No, it wasn’t the very first scene but I wanted to make sure that people understood the trauma that this person had been living through for months. I have to remind people that it’s not like it’s only been a couple of days. The war has been over for months, and he has been stuck there in this plane, and watching the Discovery come in and out of the Mycelium network, and he’s trying to get someone’s attention to see him, for Stamets to see him since he’s the person who’s navigating them through that network.

Imagine the frustration of seeing the person that you love and them not seeing you, and not being able to help you. But at the same time, literally being eaten alive by a species that is doing their job. That’s what they’re supposed to be doing is recycling matter and creating life out of it, and part of that is breaking you down. And so they were trying to break me down.

It’s laid out in the episode but can you recap what exactly happened to Culber going into this network and getting him out of it?

Well, getting in there is tricky, too. It has to do with the fact that energy and matter cannot be destroyed or created. It continues to exist in some way, and so when we die, there is an energy, there is a part of us that still exists, and when Stamets finds me dead on the floor of the med bay, and kisses me, he takes in part of my DNA when he kisses that tear that’s running down my face when he kisses me, and that’s how I end up in the network.

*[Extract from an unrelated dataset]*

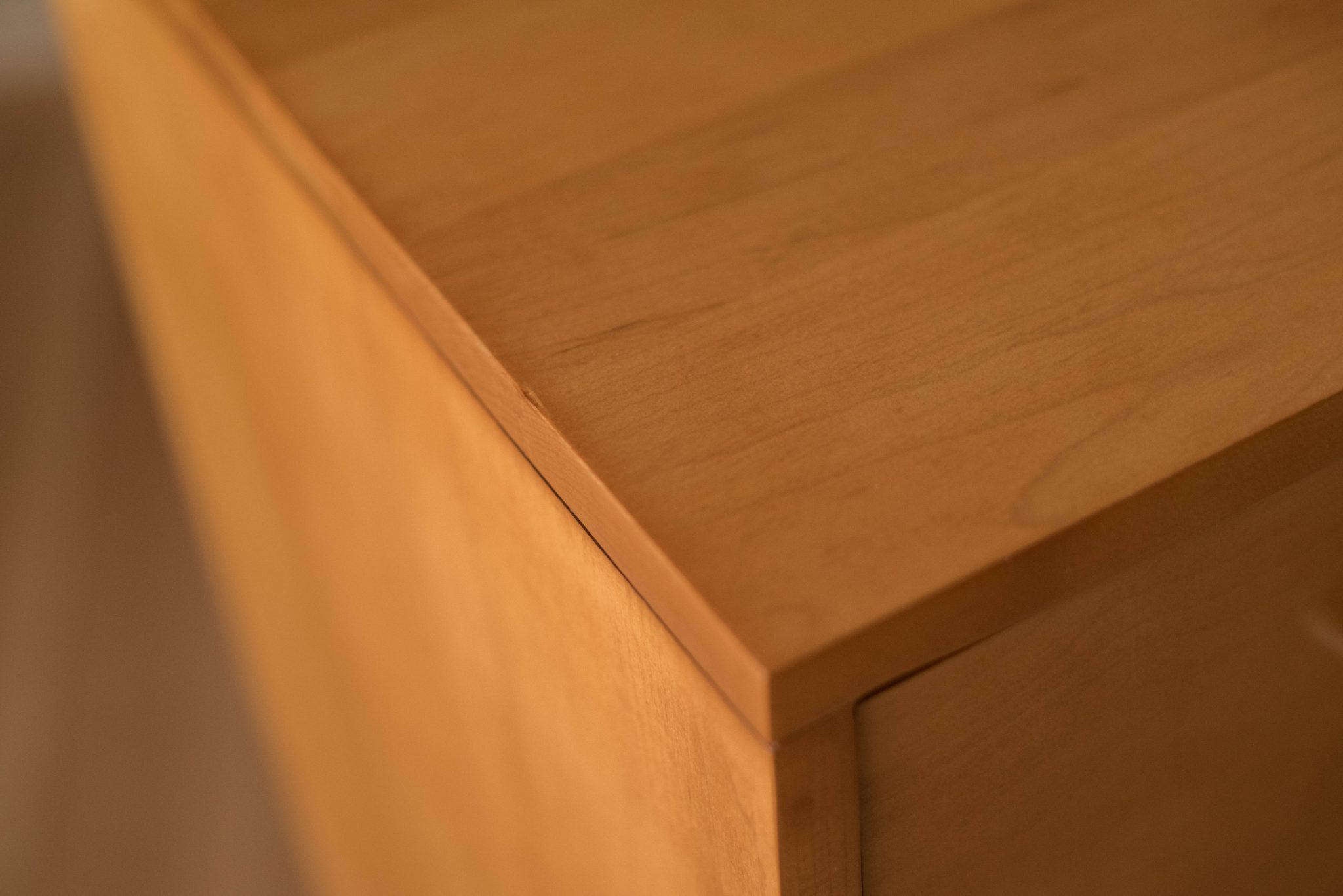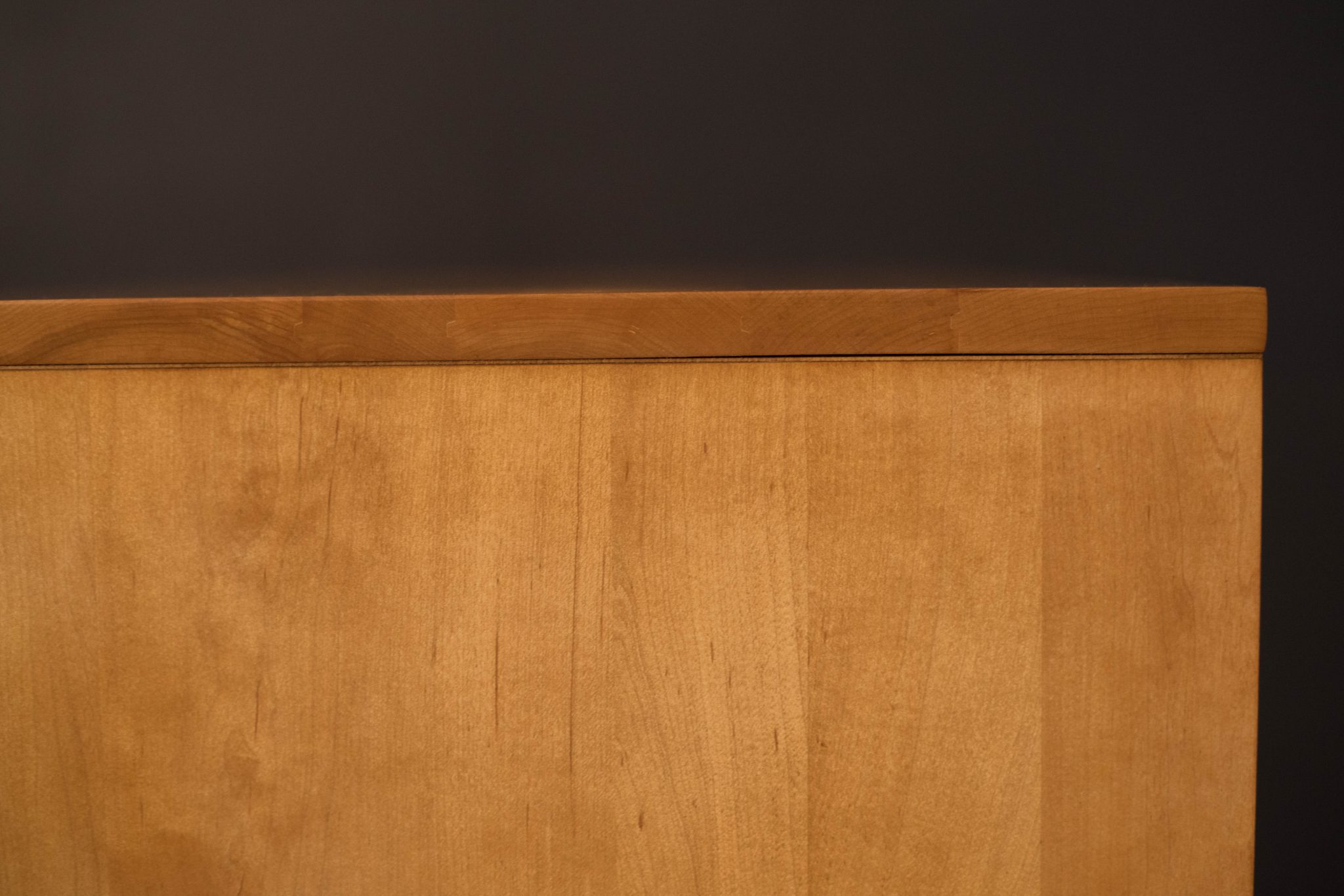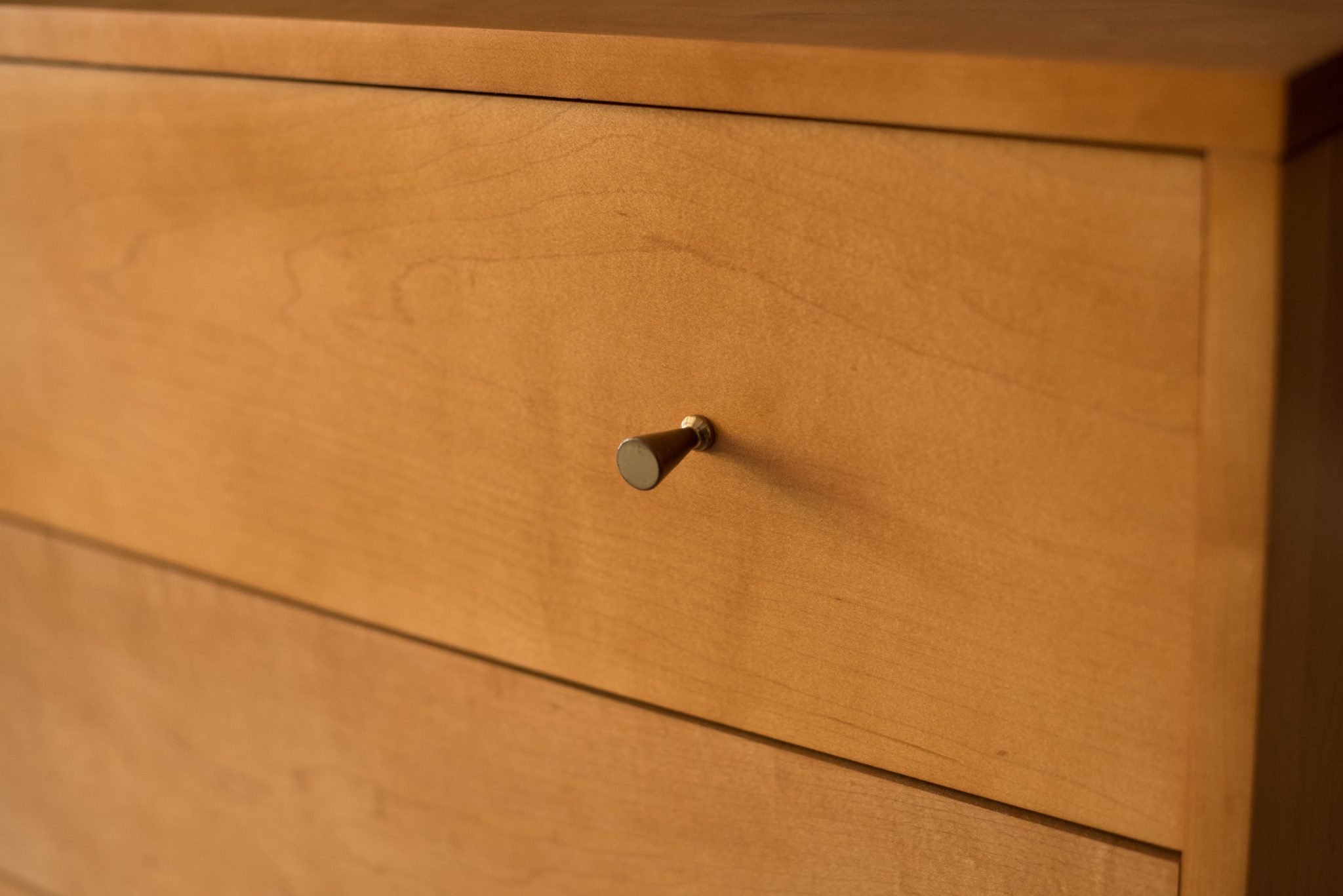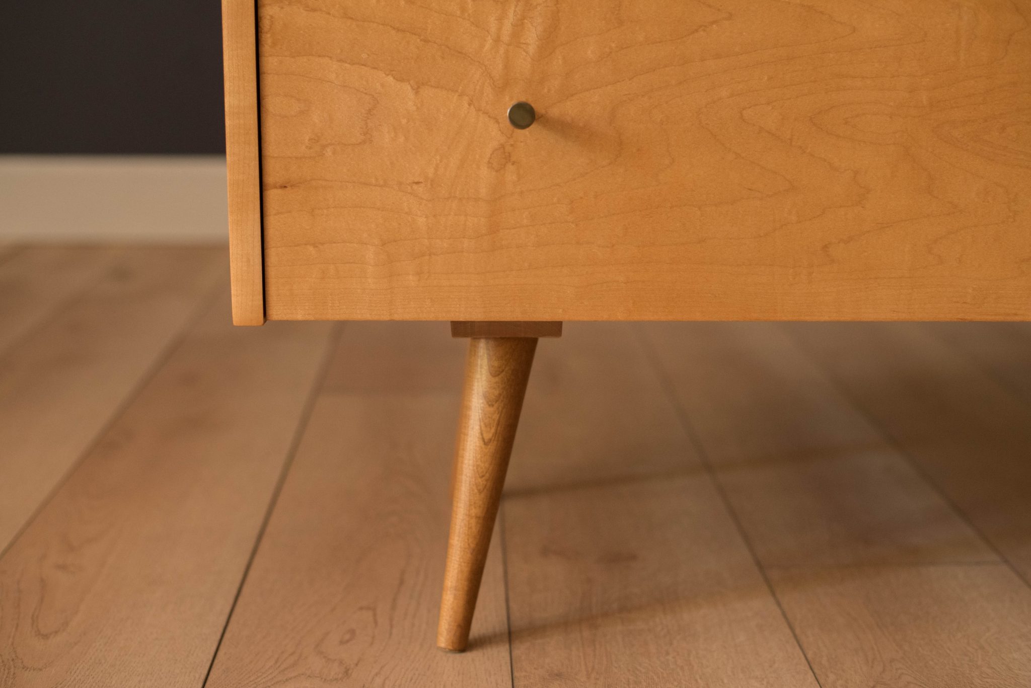Vintage tall dresser chest in solid planked maple designed by Paul McCobb for Winchendon Furniture Co. circa 1950’s. This piece offers plenty of storage including four deep drawers with the original signature brass hardware and splayed legs.

In order to get me out of there, it’s not as easy as just walking out because I have been created in that network from material that exists only in the Mycelium network, and so in order for me to leave it, I have to be reborn. And so what we discover is that the only way to do that is to take my DNA and join it with material from this universe, and that would be the cocoon that May has left behind when she took Tilly into the Mycelium network.

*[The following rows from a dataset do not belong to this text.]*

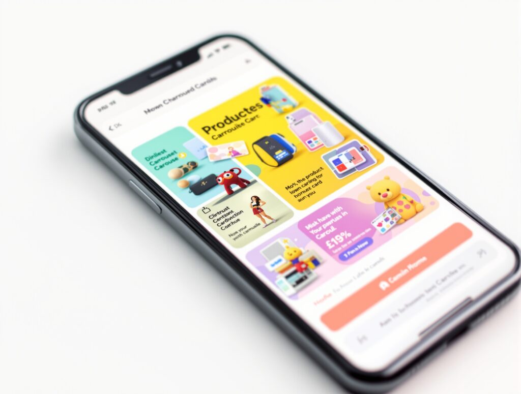 Product carousel, interactive button, branded message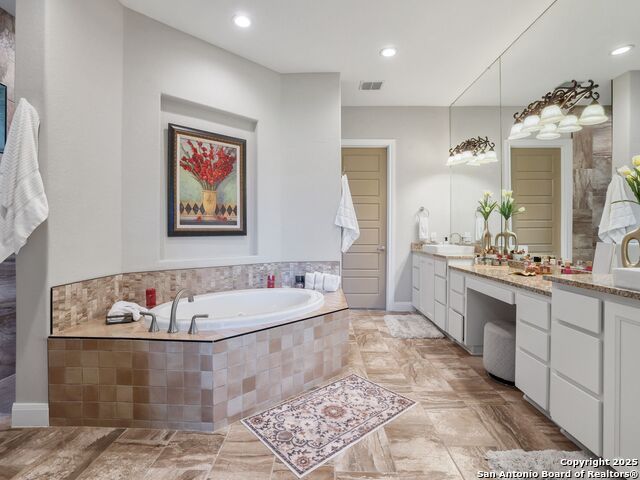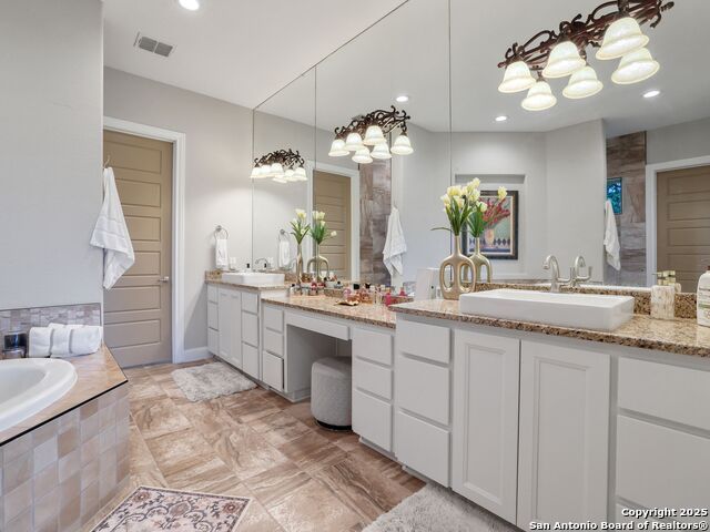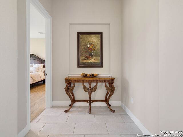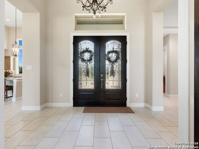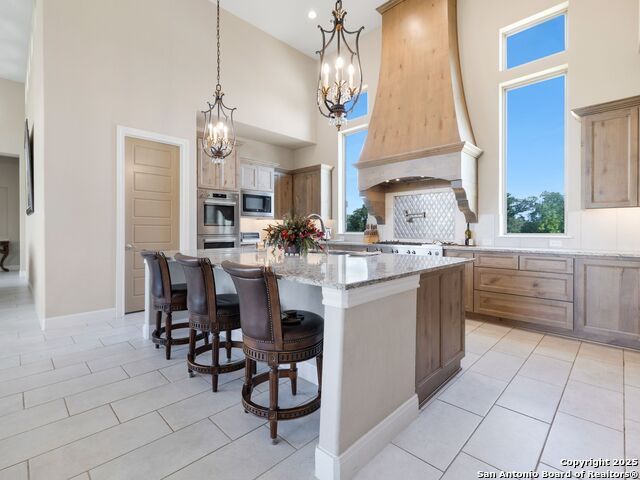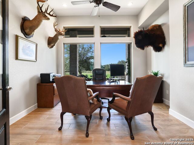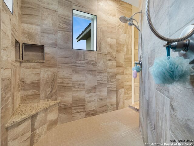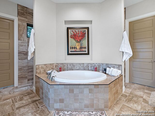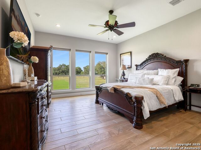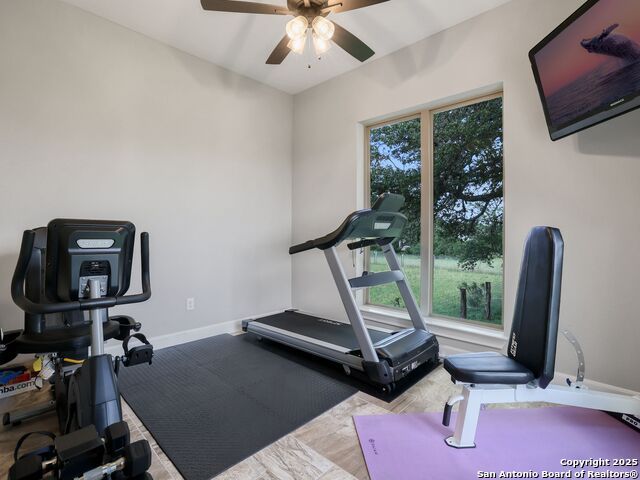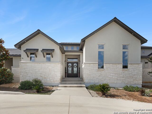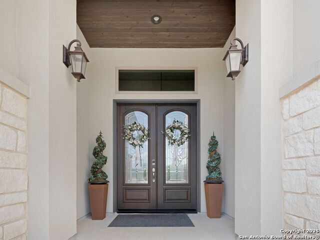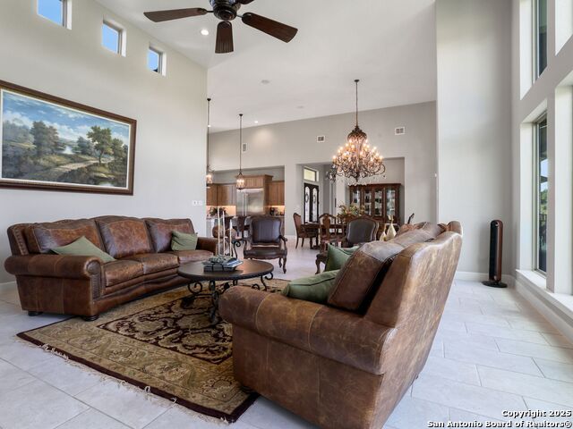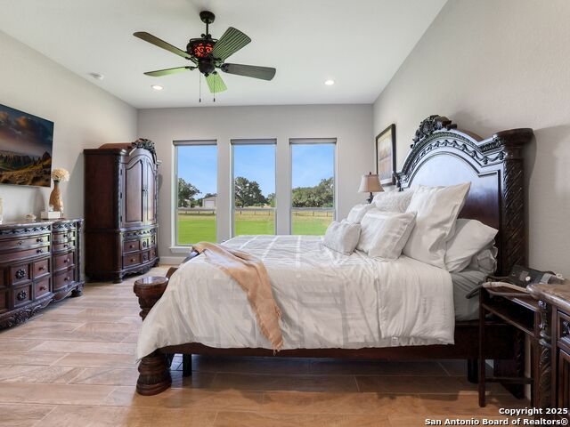 Experience spectacular Texas Hill Country living on this level 4.01-acre estate in the gated community of Sabinas Creek Ranch. Built in 2022 with exceptional craftsmanship, this single-story 4,082 square foot home offers a seamless open-concept layout with high ceilings, abundant natural light, and tile flooring throughout. The chef's kitchen features a granite island, walk-in pantry, professional-grade appliances, and custom cabinetry by Michael Edwards. Two separate living areas provide comfort and privacy. The owner's suite includes a spa-like bath, oversized walk-in closet with hidden safe room, and a flex space ideal for a home gym. Three guest bedrooms each include en-suite baths, and a private wing offers a living area with wet bar and a dedicated office. Outdoors, enjoy a covered patio with a floor-to-ceiling stone fireplace, built-in grill, and professionally landscaped grounds with irrigation. A 1,200 square foot insulated outbuilding offers space for a workshop, vehicle storage, or animal boarding. Multiple access points and a level backyard create a blank canvas for future enhancements.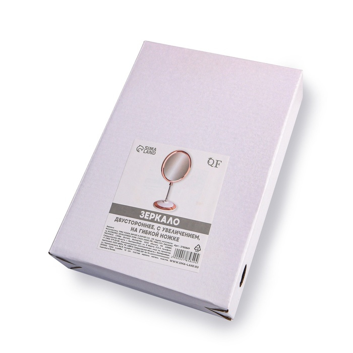 Зеркало на гибкой ножке «Овал», двустороннее, с увеличением, зеркальная поверхность 14 × 17 см, цвет медный/белый

I have to back up to the long, mess of a hair you have when we first see Culber. That wasn’t your hair, right?

It was not my hair but I had been growing it out. I was growing my beard out and my hair out and I did not go out in public except to go to the gym because I knew I was going to be naked, and go to work, and home. Those were the three places. I was like, “I’m not letting anybody see this.” But we did decide that we needed a wig because we needed to show more length, and then we actually added beard to my face.

How was it to shoot that first scene with Anthony?

It was intense because a lot of that scene is about the fact that I don’t really believe it’s him. I just think it’s a figment of my imagination and it’s not until he tells me that story that he remembers that day we had at the museum, and that I see him. Any time I get to work with Anthony, which is all the time, he and I have a really strong connection, and a lot of it is unspoken, and it’s just easy. You know, we get to just be really present and really honest with each other, and we really do love each other. He’s so supportive of me because I’m a neurotic mess sometimes [laughs] and he’s always strong and steady. We make a great team.

When you come through the cocoon, you’re naked. Do you know if yours is the first naked bum we’ve seen on Star Trek ever?

[laughs]  I don’t know. Maybe. I know this. When you see that scene, there’s Sonequa (Martin-Green, who plays Michael), Anthony, and Mary [Wiseman, who plays Tilly]. They’re standing there and I have my butt towards them. The very first time we did it, I had to disrobe, and I lie there, and Sonequa is in a position where she just sees everything. I just turn to her and I said, “Well, we family now.” And she was like, “Baby, it’s so beautiful. I love all of you.”

What I love is that they really captured that shock in the end, and it really sets us up for what happens to this person throughout the season. There are consequences and there are ramifications, and so I think we get a glimpse of that at the very end. There is no tidy bow. I think anybody who’s been through a trauma like that can’t just wake up and act as if everything is all right. This guy goes on a journey, and this show is called Discovery for a reason, and I need people to remember that. It’s not just the name of the show. And I’m also so glad we get to show them this on Valentine’s Day of all days.